Check every line of the records below for the string "vintage", then report only how many lines have it.

- **Data in this exercise**
◆ ◆ ◆ ◆

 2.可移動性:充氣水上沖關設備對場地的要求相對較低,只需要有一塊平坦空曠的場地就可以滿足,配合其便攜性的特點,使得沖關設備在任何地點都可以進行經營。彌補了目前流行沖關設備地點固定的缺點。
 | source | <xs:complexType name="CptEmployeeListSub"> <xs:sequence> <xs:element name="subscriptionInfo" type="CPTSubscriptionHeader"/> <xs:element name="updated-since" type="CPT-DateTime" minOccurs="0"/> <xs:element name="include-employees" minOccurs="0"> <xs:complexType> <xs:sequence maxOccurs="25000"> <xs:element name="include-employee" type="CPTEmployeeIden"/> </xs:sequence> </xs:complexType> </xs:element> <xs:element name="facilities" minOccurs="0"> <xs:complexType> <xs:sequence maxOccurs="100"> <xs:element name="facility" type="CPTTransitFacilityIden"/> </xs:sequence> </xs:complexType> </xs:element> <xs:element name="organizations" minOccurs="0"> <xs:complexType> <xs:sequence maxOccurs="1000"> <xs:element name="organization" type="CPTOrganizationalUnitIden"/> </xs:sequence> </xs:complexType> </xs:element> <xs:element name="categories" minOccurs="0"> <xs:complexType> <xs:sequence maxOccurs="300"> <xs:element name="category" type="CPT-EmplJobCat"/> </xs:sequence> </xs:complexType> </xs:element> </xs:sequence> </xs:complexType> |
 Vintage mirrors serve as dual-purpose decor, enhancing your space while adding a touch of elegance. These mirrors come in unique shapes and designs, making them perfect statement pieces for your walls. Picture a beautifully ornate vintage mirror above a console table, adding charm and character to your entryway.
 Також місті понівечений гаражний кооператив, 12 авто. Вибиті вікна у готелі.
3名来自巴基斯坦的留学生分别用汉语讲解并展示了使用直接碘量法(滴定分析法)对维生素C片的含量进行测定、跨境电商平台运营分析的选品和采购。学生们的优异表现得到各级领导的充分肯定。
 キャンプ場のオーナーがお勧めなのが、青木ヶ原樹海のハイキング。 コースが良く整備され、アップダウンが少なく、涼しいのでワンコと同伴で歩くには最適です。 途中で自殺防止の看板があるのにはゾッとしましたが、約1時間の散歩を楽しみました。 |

◆ ◆ ◆ ◆

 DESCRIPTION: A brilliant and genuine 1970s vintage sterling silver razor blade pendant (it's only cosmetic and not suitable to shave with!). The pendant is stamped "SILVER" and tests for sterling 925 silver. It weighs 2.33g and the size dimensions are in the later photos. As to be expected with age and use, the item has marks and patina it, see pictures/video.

◆ ◆ ◆ ◆

- **Solution for this problem**
2